Bridging the ERP/MES Data Gap
Most ERP and MES systems lack the granularity to capture real-time shop floor quality events. They know a job was completed; they don't know whether the operator used the correct tooling, whether the in-process inspection was performed, or whether measurements trended toward the tolerance limit before an adjustment was made.
That data gap is where quality problems hide. Harmoni's factory orchestration layer sits between machines, operators, and enterprise systems — collecting real-time machine data, operator activity, and quality inspection results, then feeding that data back to ERP systems and surfacing it in shop floor dashboards. The result is end-to-end visibility that ERP alone cannot provide.
Four Recommendations for Successful ERP/QC Integration
Define data flows before implementation — Map quality event triggers, data fields, and ERP transaction types before configuring any integration. Retrofitting data architecture is significantly more expensive than planning it correctly upfront.
Auto-populate compliance documentation — Inspection data captured on the shop floor should automatically populate FAI packages, PPAP submissions, and NCR records. Manual re-entry is a traceability risk and a waste of quality engineer time.
Build closed-loop CAPA workflows — Nonconformance detection on the shop floor should trigger a documented corrective action workflow in the QMS. The AS9100 clause structure for nonconforming output control and corrective action requires this connection.
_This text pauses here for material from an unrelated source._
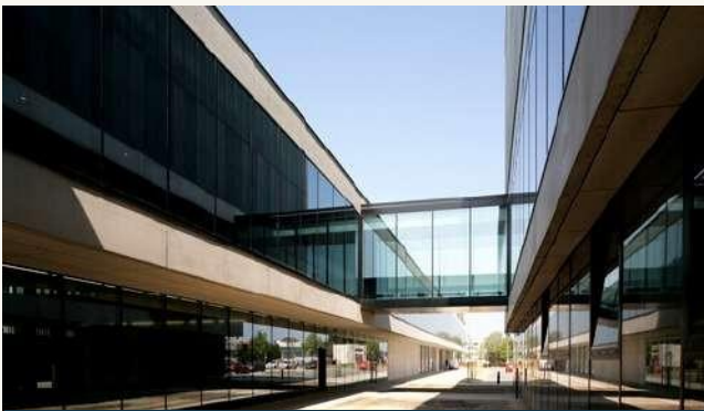
ФАКУЛЬТЕТ ЭКОНОМИКИ И УПРАВЛЕНИЯ В УНИВЕРСИТЕТЕ В ПАРДУБИЦЕ

Plan for scalability — Integration architecture should accommodate new machine types, additional ERP modules, and supplier quality data feeds as the operation grows. Point-to-point integrations that work for today's configuration often break when the operation expands.

Frequently Asked Questions
What is digital quality control in aerospace manufacturing?
Digital quality control uses connected sensors, software systems, and data analytics to monitor, verify, and document product quality in real time throughout the manufacturing process. It replaces or augments manual inspection with automated, data-driven oversight that improves accuracy, traceability, and compliance documentation.
What quality standards govern aerospace manufacturing quality control?
AS9100 Rev D is the primary aerospace quality management standard, built on ISO 9001:2015 with aerospace-specific additions. U.S. manufacturers also comply with FAA Part 21, while defense contractors must address DFARS Part 246 and DCMA surveillance requirements.
How does real-time monitoring improve quality control in aerospace?
Real-time monitoring captures process drift, dimensional deviations, and parameter exceedances as they occur — compressing the detection-to-correction cycle from days to minutes. Problems get caught while the process can still be adjusted, not after a batch of nonconforming parts is already complete.
What role does AI play in aerospace quality control?
AI and machine learning analyze historical and real-time production data to predict where defects are likely to occur, enabling preventive action before nonconforming parts are produced. Rolls-Royce demonstrated a 75% reduction in engine inspection time with AI-powered borescope technology, and GE Aerospace deployed AI inspection tools for narrowbody engine components in 2025.
What KPIs should aerospace manufacturers track for digital quality control?
The most critical KPIs are First Pass Yield, defect rate (PPM), process capability (Cpk), scrap and rework rate, Non-Conformance Rate, and cost of poor quality. Real-time dashboards make these metrics actionable at the machine and shift level — enabling targeted intervention rather than retrospective reporting.
How can aerospace manufacturers integrate digital quality control with their ERP systems?
Start with bidirectional data integration so inspection results auto-populate compliance documentation without manual re-entry, and build closed-loop CAPA workflows connecting shop floor nonconformance detection to QMS corrective action. A factory orchestration platform like Harmoni connects enterprise ERP systems to real-time shop floor execution, providing the visibility that ERP alone cannot deliver.